[[ Task inputs open ]]

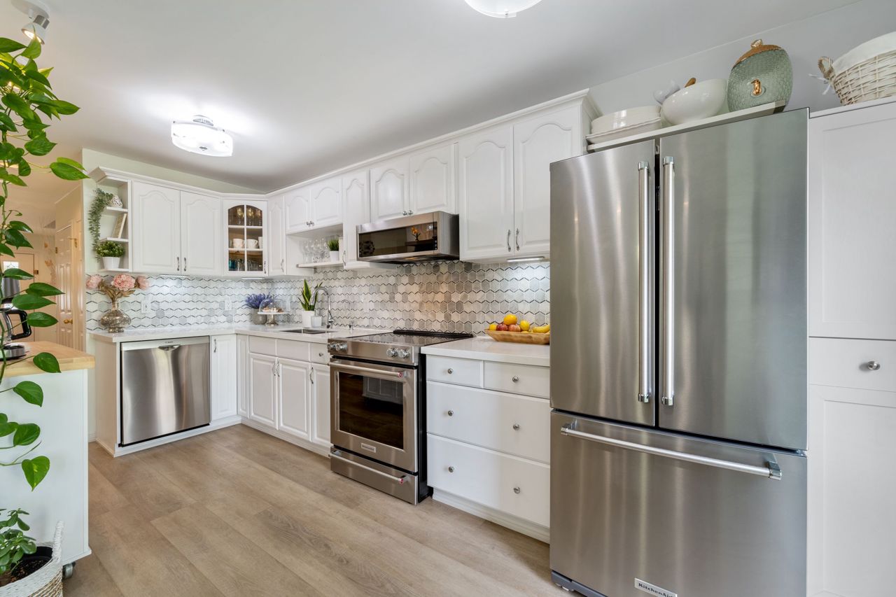 Move-In Ready! This detached 3-bedroom home was fully renovated in 2022, including a new owned hot water tank, furnace, AC, and Ecobee thermostat! The bright, open concept main level features new wide plank luxury vinyl flooring, crown moulding, and recessed lighting. The spacious living and dining rooms are ideal for entertaining. The kitchen features high-end stainless steel KitchenAid appliances, quartz countertops and a gorgeous stone backsplash. There are also quartz countertops in the powder room and the family bathroom, which boasts double vanity and an overall spa-like feel. Three generous sized bedrooms offer ample closet space, including two walk-ins! Professionally hardscaped, enjoy a low maintenance stamped concrete driveway and rear patio with pergola overlooking your private rear yard. Located in Hamilton’s Parkview neighbourhood close to multiple parks, the lake, and major commuter routes. A lovely package!
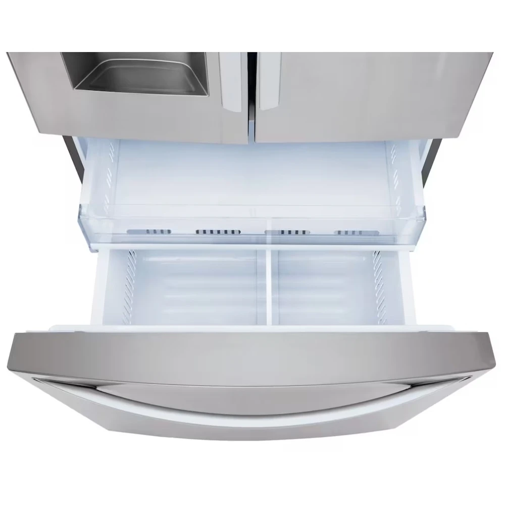 Le réfrigérateur à portes françaises LG LRFS28XBS de 36 pouces offre une très grande capacité de 27,7 pi³, idéale pour les familles nombreuses. Doté d’un distributeur d’eau et de glaçons externe, il combine accessibilité, performance de refroidissement avancée et connectivité moderne dans une finition inox élégante.
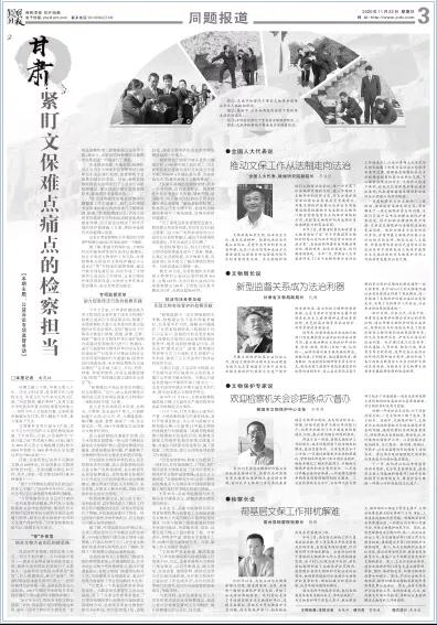 2020年11月22日检察日报专版刊发《甘肃:紧盯文保难点痛点的检察担当》一文。
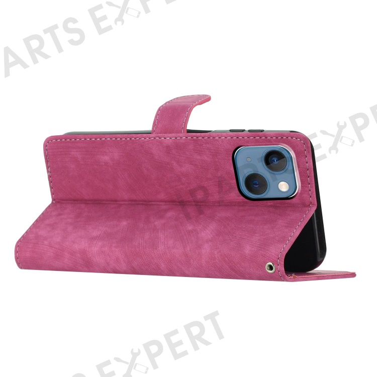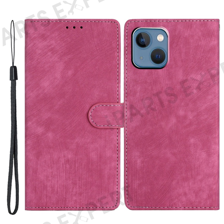 For iPhone 15 Dustproof Phone Cover PU Leather Wallet Slim-Fit Stand Skin-touch Mobile Phone Case - Rose
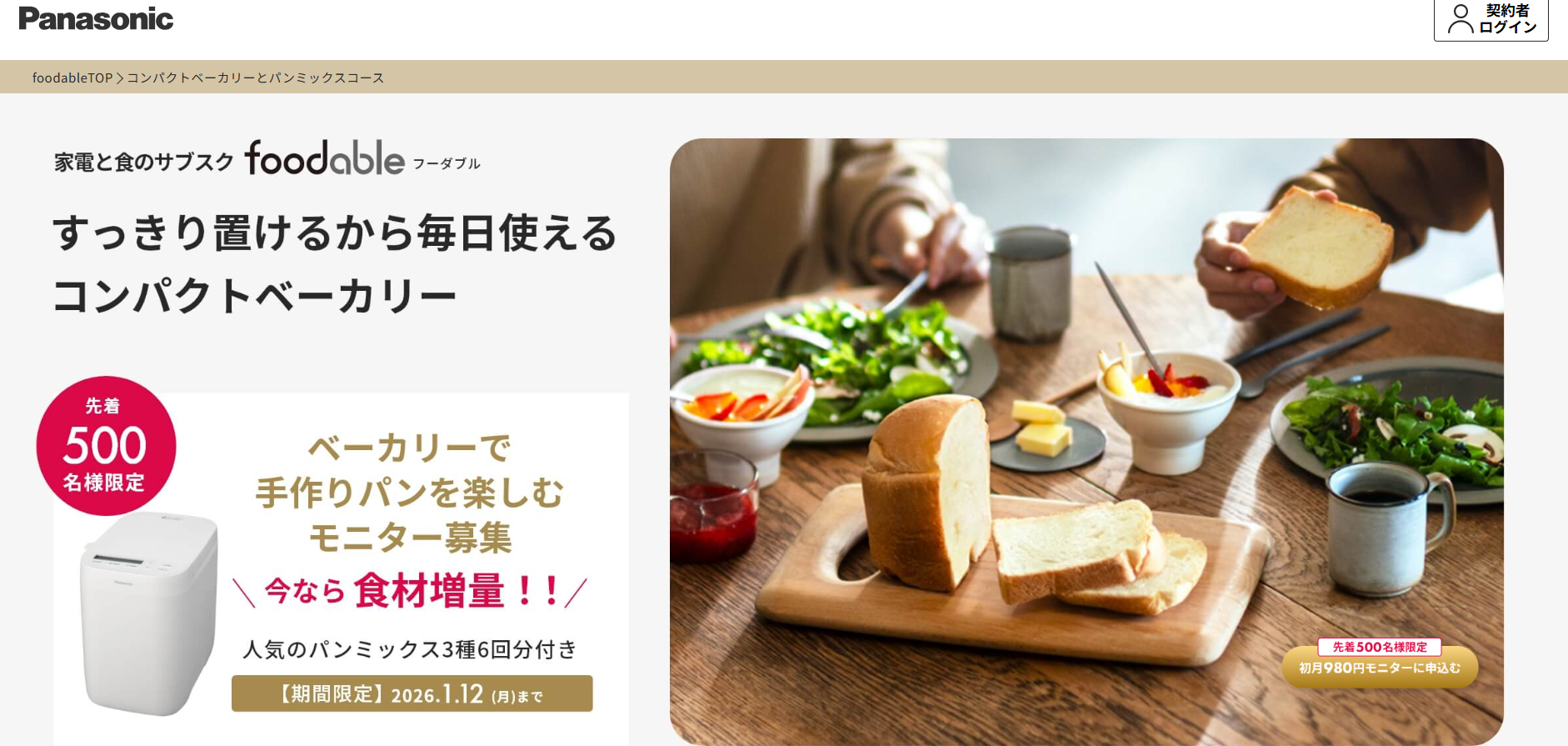 「foodable」は、コンパクトベーカリーと専用パンミックスを組み合わせて利用できるサブスクリプションサービスです。自宅にいながら、毎日焼き立てのパンを手軽に楽しめる設計で、料理経験が少ない人でも扱いやすく、定額制で続けやすい点が特徴です。ベーカリー本体のレンタルとミックス提供がセットになっているため、購入前の不安を持たずに新しい食体験を始められます。
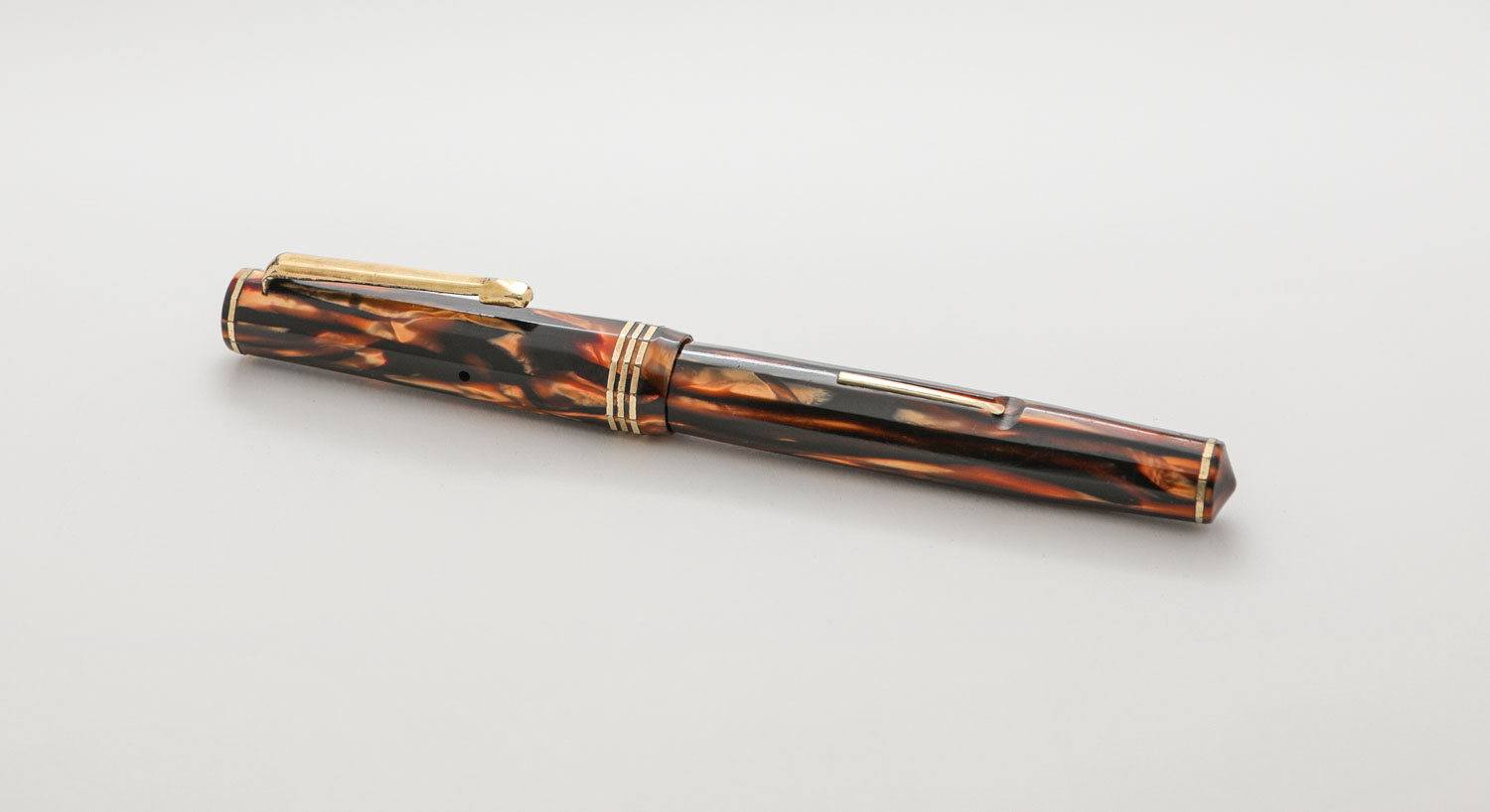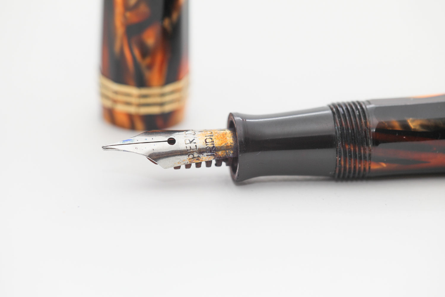 Trovo particolarmente bella la celluloide di cui sono fatti corpo, cappuccio e sezione: quasi una arco, di color marrone scuro.
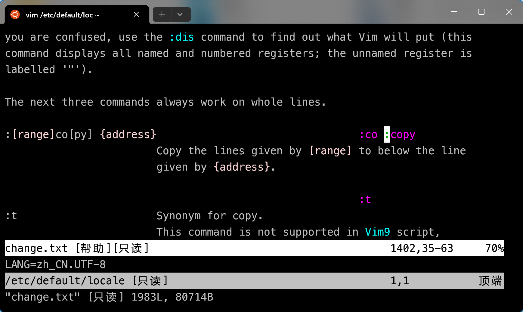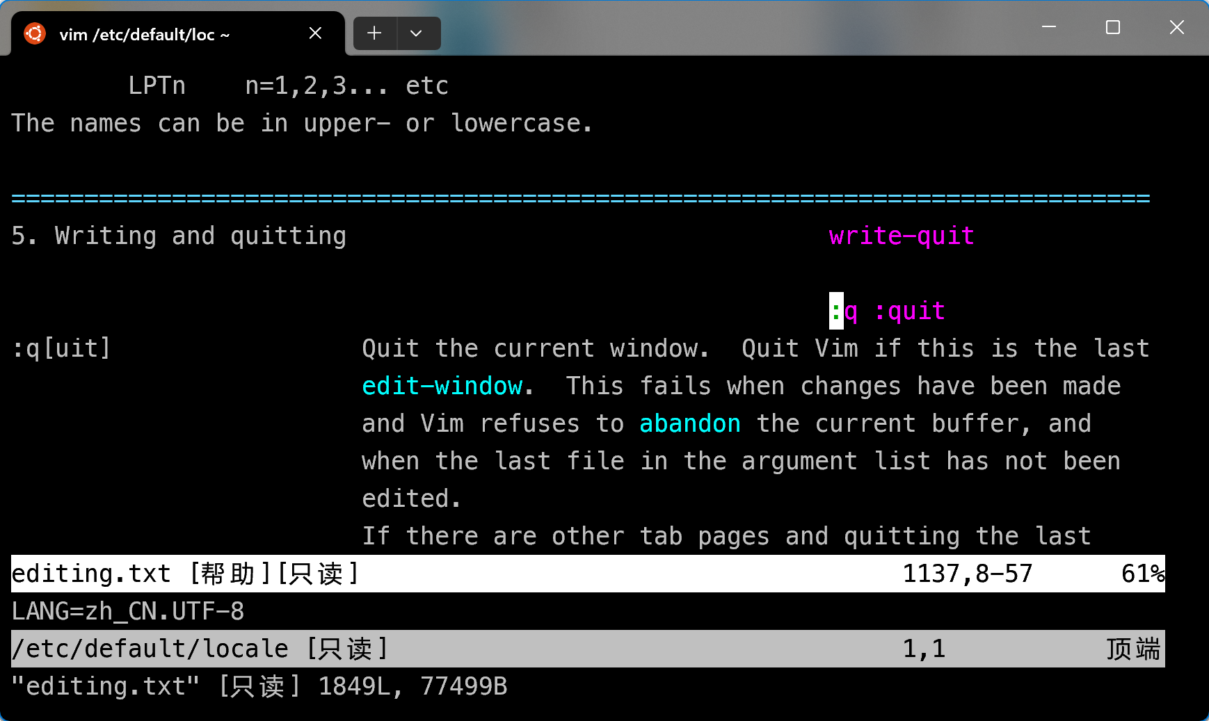 :help copy:查看复制命令的帮助。:help :q:查看退出命令的帮助。
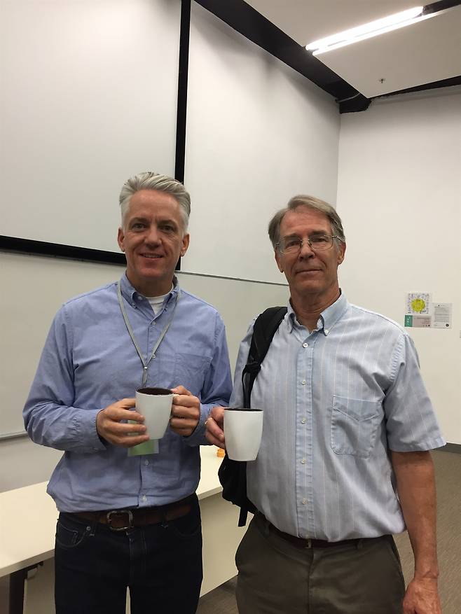 | ▲ 지난 2018년 홍콩 컨퍼런스에서, 필자(왼쪽)와 킴 스탠리 로빈슨(오른쪽) 작가의 모습. |
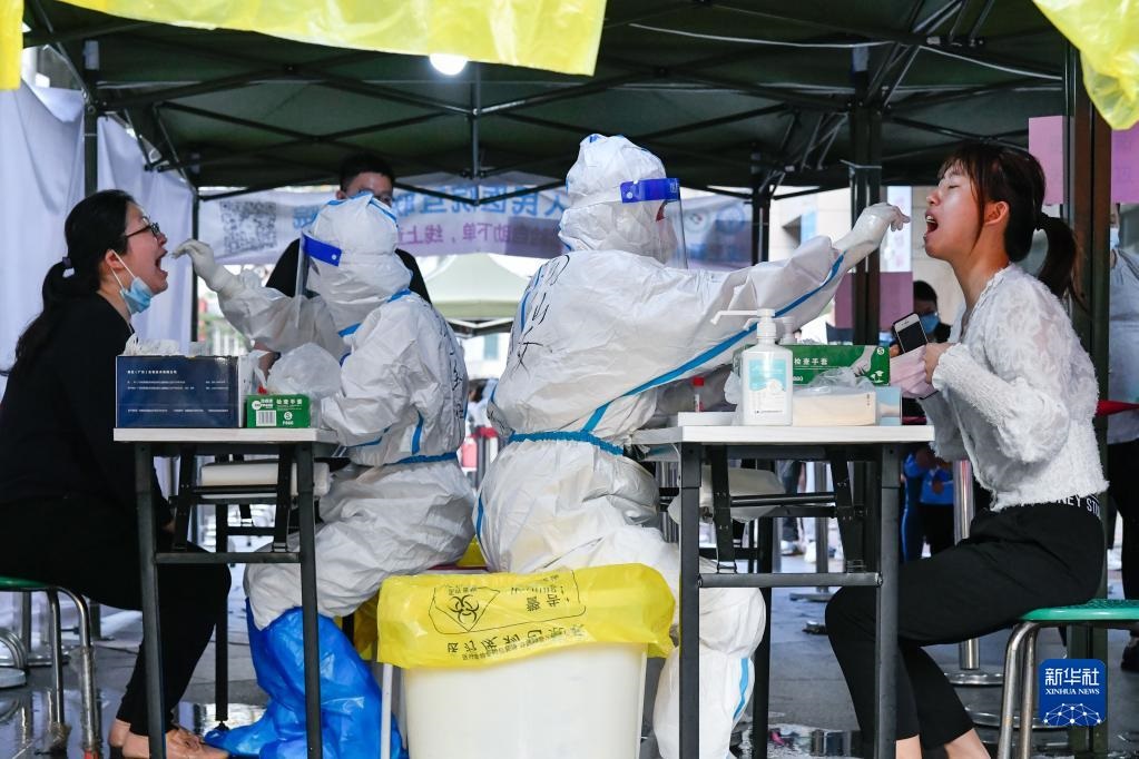 3月13日,在深圳羅湖區(qū)向西村核酸檢測點,醫(yī)務(wù)人員為居民進行核酸采樣。新華社發(fā)(儲焱攝)
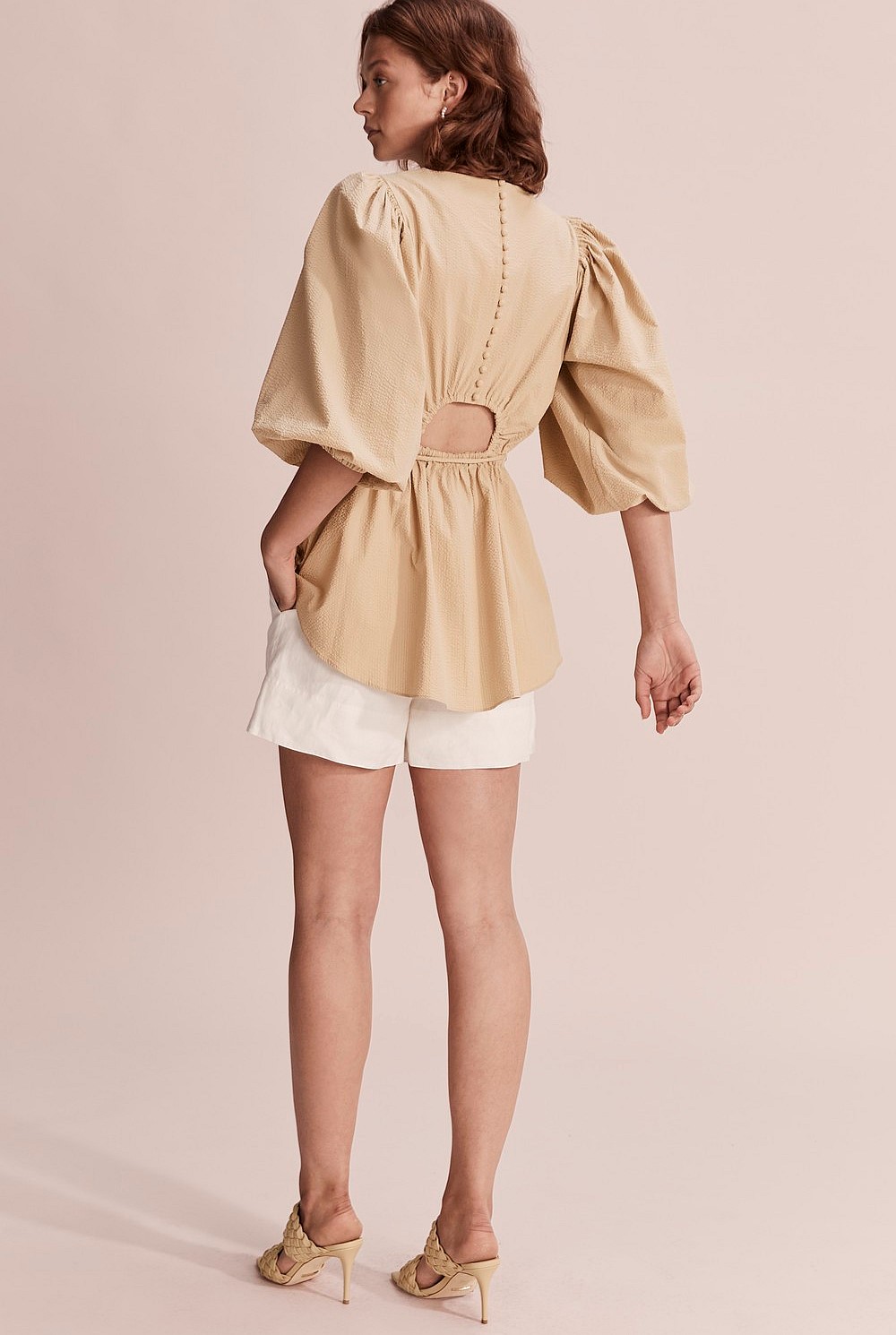 - Dome-shaped buttons at centre back

[[ Task inputs closed ]]

**Problem details**
Restate word for word the lines from the line with "Trovo particolarmente bella" to the last line of the records above, inclusive, and omit every picture.

**Task result**
 Trovo particolarmente bella la celluloide di cui sono fatti corpo, cappuccio e sezione: quasi una arco, di color marrone scuro.
 :help copy:查看复制命令的帮助。:help :q:查看退出命令的帮助。
 | ▲ 지난 2018년 홍콩 컨퍼런스에서, 필자(왼쪽)와 킴 스탠리 로빈슨(오른쪽) 작가의 모습. |
 3月13日,在深圳羅湖區(qū)向西村核酸檢測點,醫(yī)務(wù)人員為居民進行核酸采樣。新華社發(fā)(儲焱攝)
 - Dome-shaped buttons at centre back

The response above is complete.